LECTURE XXXDREAMS AND OCCULTISM

 

LADIES AND GENTLEMEN, - To-day we will proceed along a narrow path, but one which may lead us to a wide prospect.

You will scarcely be surprised by the news that I am going to speak to you on the relation of dreams to occultism. Dreams have, indeed, often been regarded as the gateway into the world of mysticism, and even to-day are themselves looked on by many people as an occult phenomenon.
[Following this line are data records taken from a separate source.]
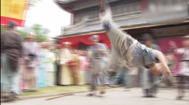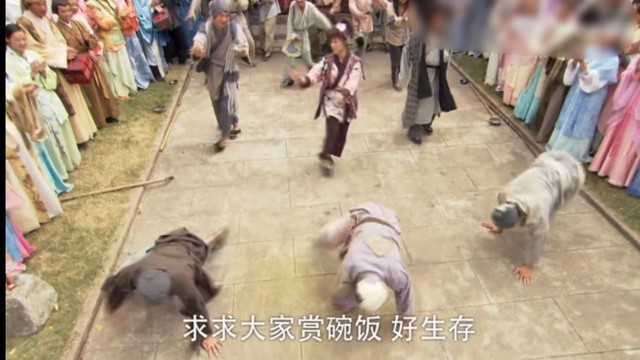 围观群众听到还有表演看,并未走远,然后几个乞丐就翻跟头唱歌跳舞来,边唱边跳。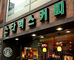However, not all new Starbucks locations were welcomed warmly. In 2001, Starbucks opened a store in Insa-dong overcoming fierce resistance from the neighborhood's shop owners.[4] The locals opposed the plane to open Starbucks because it would taint the Insa-dong's identity as the cradle of all Korean culture.[4] Shop owners also had practical concerns as they believed that Starbucks would lure away customers who visited the traditional teahouses in the area.[4] After numerous negotiations and compromises Starbucks opened their Insa-dong shop.[4] This shop is unique in that it is the only Starbucks with a Korean sign board and its windows have traditional wooden lattice patterns.[4] Inside the shop there are also several markers of traditional culture like wooden masks.[4] However, some Koreans remain cynical of the Insa-dong shop as they view Starbuck's attempts as superficial and merely cosmetic with no real tribute to Korean culture.[4]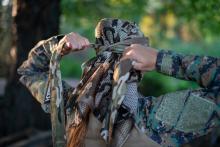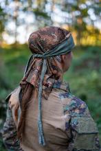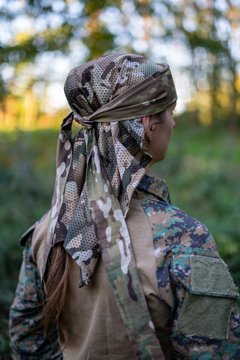 - A teljes fejet fedő terepmintás hálózat fokozott álcázást biztosít, megtörve a fej kontúrját.
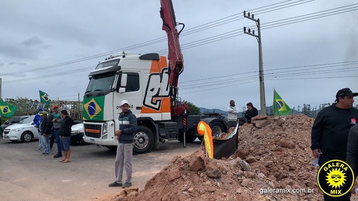 A gente tá tentando deixar livre um espaço da via, pelo menos pra passar um caminhão. Eles têm esse controle de tentar conversar com os condutores pra explicar a situação. O motivo que eles estão aqui todos já sabem. Querem manter isso aqui até amanhã, ou até a manifestação do presidente Bolsonaro. Passando esse período, eu não sei. Não estamos dando prazo pra que eles terminem a manifestação. Vai da vontade deles, desde que não prejudiquem a locomoção do pessoal”.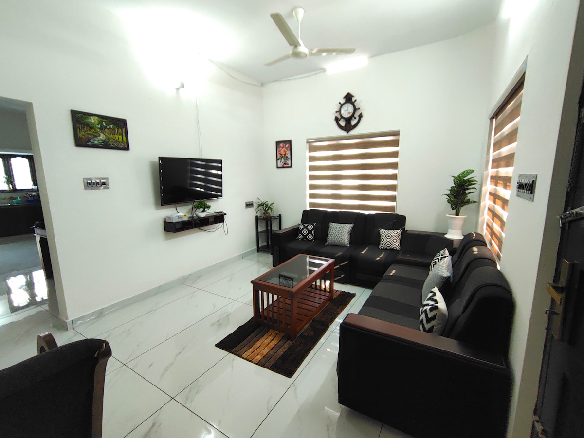 Welcome to your ideal HOME-Away-From-HOME. - ONLY for FAMILIES seeking comfort, convenience, and tranquility. - Just 3.5 km from Kochi Int’l Airport. ultra‑convenient for arrivals/departures. - 3 bedrooms, each with an attached bathroom. - Fully equipped kitchen – Includes fridge, stove, kettle, oven, and washing machine perfect for family meals and light cooking. - Peaceful, family‑oriented neighborhood. - Close to tourist spots, Hospitals and essentials. - Ample parking facility.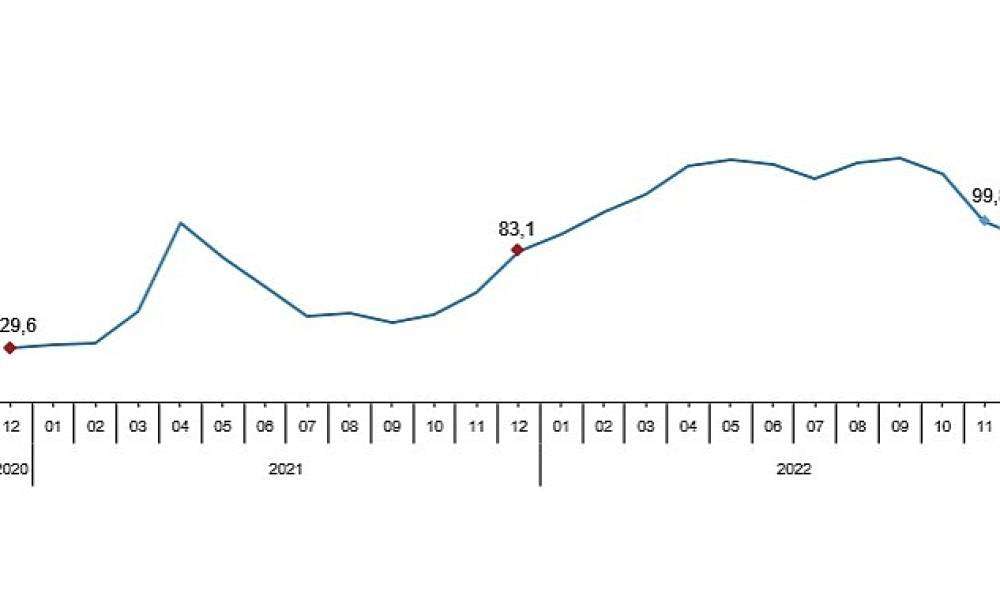 Sanayi, inşaat, ticaret ve hizmet sektörleri toplamında ciro endeksi (2015=100), 2022 yılı Aralık ayında yıllık %89,7 arttı.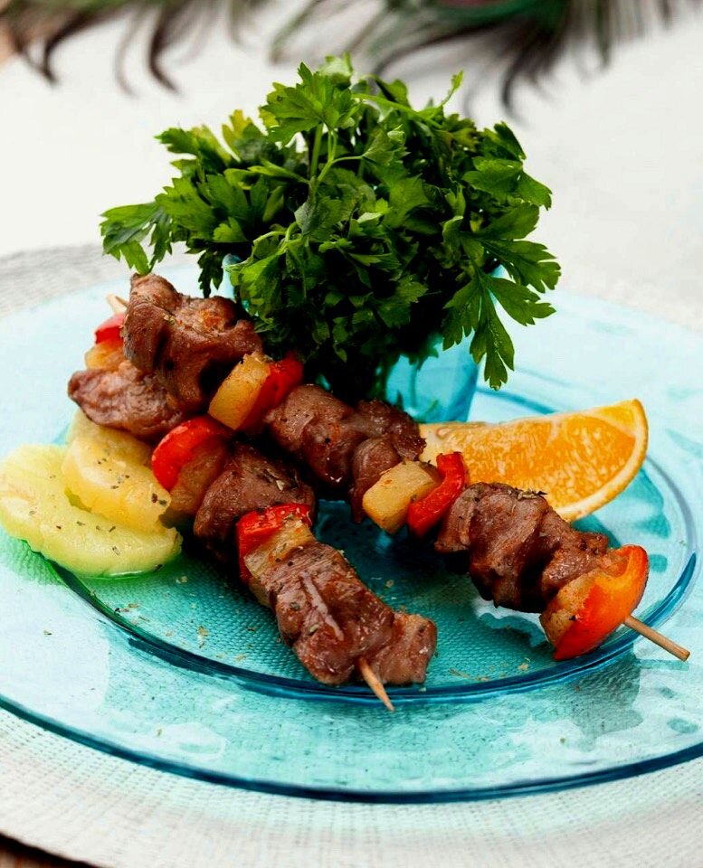 1. 600гр мяска хрюши, моем, обсушиваем и режем кусками (3*3см, примерно). 2.3 сладких перчика чистим и шинкуем квадратиками, также 3*3 см. 3.Ананас (400 гр, свежий или конс.- не важно) режем также 3*3 см. 4. Все смешиваем и добавляем 1/2 ч.л. молотого чили. 5. Солим на свой вкус.Лучше соль покрупнее. 6.Полить все маслом оливы(50мл).Закрываем т ставим в холодильник на 2-3ч. для маринования. 7.Надеваем на шампур по очереди, мяско, перец и ананас. 8. Поджариваем на умеренных углях 7 мин. постоянно переворачивая.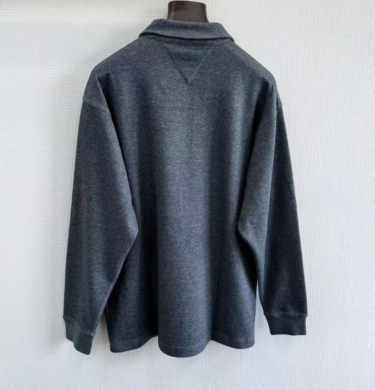 這件 Polo 衫的材質真的非常講究!它使用了 330g 的棉質雙面布材料,正反面都是平滑的縱向紋路,不僅厚實又密實,而且垂墜感超強,穿起來版型超挺,完全不會鬆垮。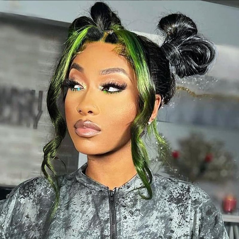 - 3.Pre-plucked, baby hair around the perimeter to give you natural looking, the 13x4 Highlight Black and Green human hair wig can be part any way and style like your own hair. High temperature resistant, you can feel free to do any hair style you like.

Even we, who have made them into a subject for scientific study, do not dispute that one or more threads link them to those obscure matters. Mysticism, occultism - what is meant by these words? You must not expect me to make any attempt at embracing this ill-circumscribed region with definitions. We all know in a general and indefinite manner what the words imply to us. They refer to some sort of ‘other world’, lying beyond the bright world governed by relentless laws which has been constructed for us by science.

 

Occultism asserts that there are in fact ‘more things in heaven and earth than are dreamt of in our philosophy’. Well, we need not feel bound by the narrow-mindedness of academic philosophy; we are ready to believe what is shown to us to deserve belief.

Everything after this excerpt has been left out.